La position de l’Algérie pour l’élimination totale des armes nucléaires ne l’empêche pas d’exprimer ses ambitions pour une exploitation pacifique de cette énergie, notamment pour la production de l’électricité. Elle ambitionne d’ailleurs de fournir de l’électricité à partir de cette énergie à l’horizon 2030. Mais aussi pour les secteurs de la santé, l’agriculture et l’hydraulique.

C’est ce qui ressort, entre autres, de la 3e édition de l’atelier international des Centres nationaux des données (CNDs), organisé par le Commissariat à l’énergie atomique (Comena), qui se tient depuis hier au Centre international des conventions. Le ministre de l’Energie, M. Mustapha Guitouni, qui a inauguré cet atelier, troisième du genre dans le monde, a signalé que l’exploitation pacifique de cette énergie exige un cadre législatif adéquat.
Et c’est ce à quoi son département est en train de s’atteler actuellement, à travers l’élaboration d’un projet de loi relatif au nucléaire. A côté de cela, une infrastructure est mise en place pour abriter la recherche scientifique dans ce domaine, sur la sécurité nucléaire notamment, à travers deux centres de recherche sur le territoire national.
Sans oublier, rappelle le ministre, la création de l’institut de l’engineering nucléaire et le commissariat algérien à l’énergie atomique, chargé d’accueillir et de fournir des informations précises sur tout ce qui a trait au nucléaire dans le monde.  Le but de l’atelier, justement, est de faire le point sur le système de vérification du Traité d’interdiction complète des essais nucléaires (TICE).
Le ministre a rappelé, à ce propos, que l’Algérie subit toujours les conséquences des essais nucléaires français sur l’homme et l’environnement et que le dossier d’indemnisation des victimes est toujours en cours, précisant, qu’en 2018, les droits ne sont plus les mêmes que dans les années 1960. «Animée par la conviction de suppression des armes nucléaires, notre pays a ratifié très tôt le TICE et appelle, de par le monde, les pays non adhérents à le signer.
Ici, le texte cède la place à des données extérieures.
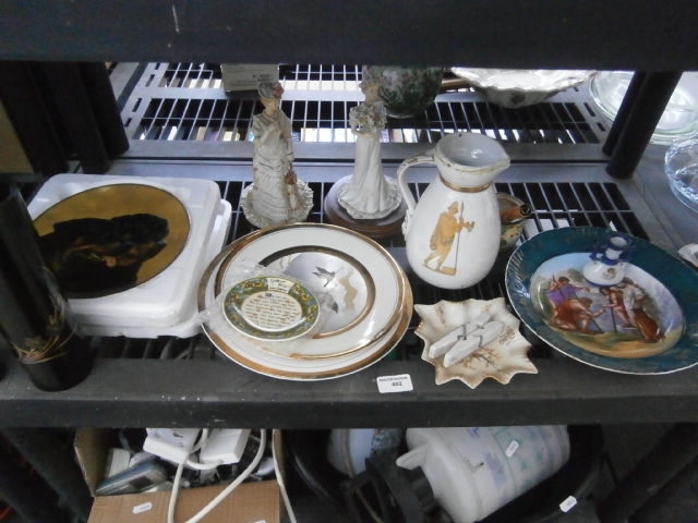 A white ceramic pitcher with gold trim and a painted figure is displayed with several plates, dishes, and a vase.
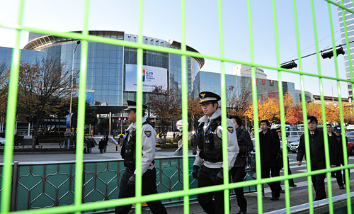 | ▲G20 서울 정상회의 개최를 하루 앞둔 10일 오후 정상회의장인 코엑스 앞에 방호벽이 설치된 가운데 경찰이 경계근무를 하고 있다. ⓒ뉴시스 |
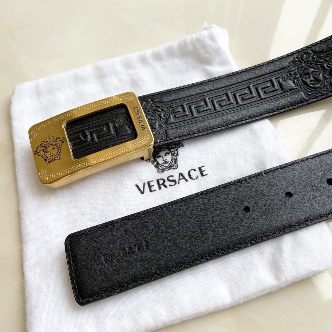 Versace’s Greca embossed belt features an eye-catching Medusa buckle, adding a touch of three-dimensional elegance to any look. 4.0cm wide D
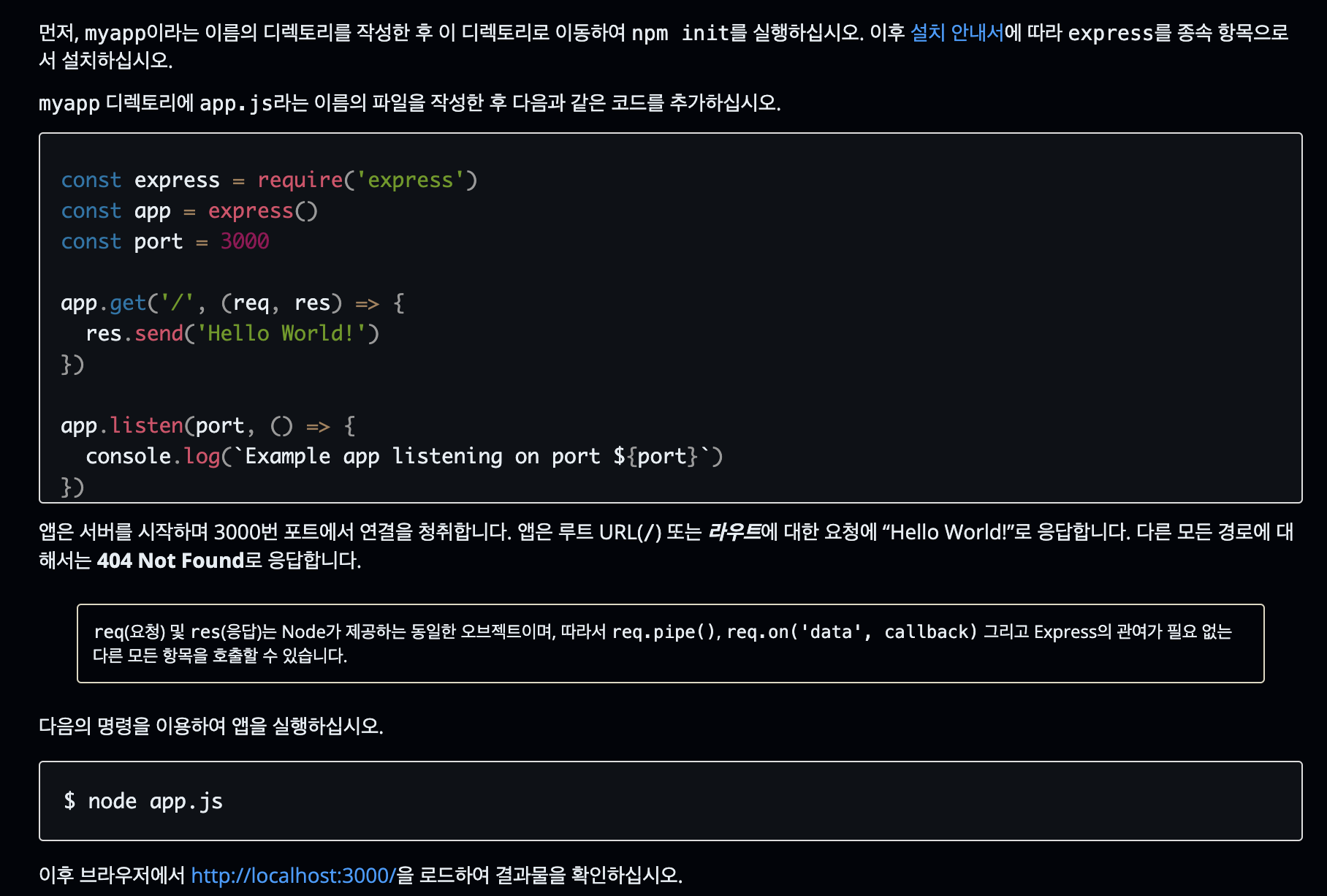 이제 다시 Express.js 공식문서로 돌아와서, 시작하기 -> Hello world를 봐봅시다.

Et ce, afin que le traité soit une norme internationale juridiquement contraignante au sein du régime de désarmement et de non-prolifération nucléaire», a-t-il soutenu, signalant que l’Algérie plaide en faveur de la coordination des efforts pour accélérer le processus de ratification du traité.
Cet atelier, auquel participent des experts du monde entier, est un espace de partage des expériences et d’échanges d’informations sur tous les aspects qui concernent les données, les produits et les services dans le nucléaire.
«Notre pays juge important le renforcement des capacités des pays signataires du traité, des pays africains et en développement notamment, afin que les connaissances soient au même niveau», précise-t-il, soulignant que l’Algérie est pour la diversification des énergies renouvelables pour répondre aux besoins nationaux. Il a rappelé dans ce contexte le projet de loi relatif aux hydrocarbures, toujours en cours d’élaboration, basé sur les expériences des pays producteurs, ainsi que le projet de conversion de 500 000 véhicules au Sirghaz. A ce propos, il a fait savoir que Naftal a reçu des instructions pour former des jeunes autour de ce type de conversion, pour la création d’ateliers spécialisés dans ce créneau. «Une convention sera signée la semaine prochaine avec le ministère des Transports pour la conversion au Sirghaz de 50 000 taxis. Le but est de réduire les importations de carburant qui représentent 3,5 millions de tonnes d’essence et de gasoil», expliquera-t-il, en annonçant, par ailleurs, une réunion, le mois prochain à Vienne, de l’Opep autour de l’accord de limitation de la production qui prendra fin en décembre 2018.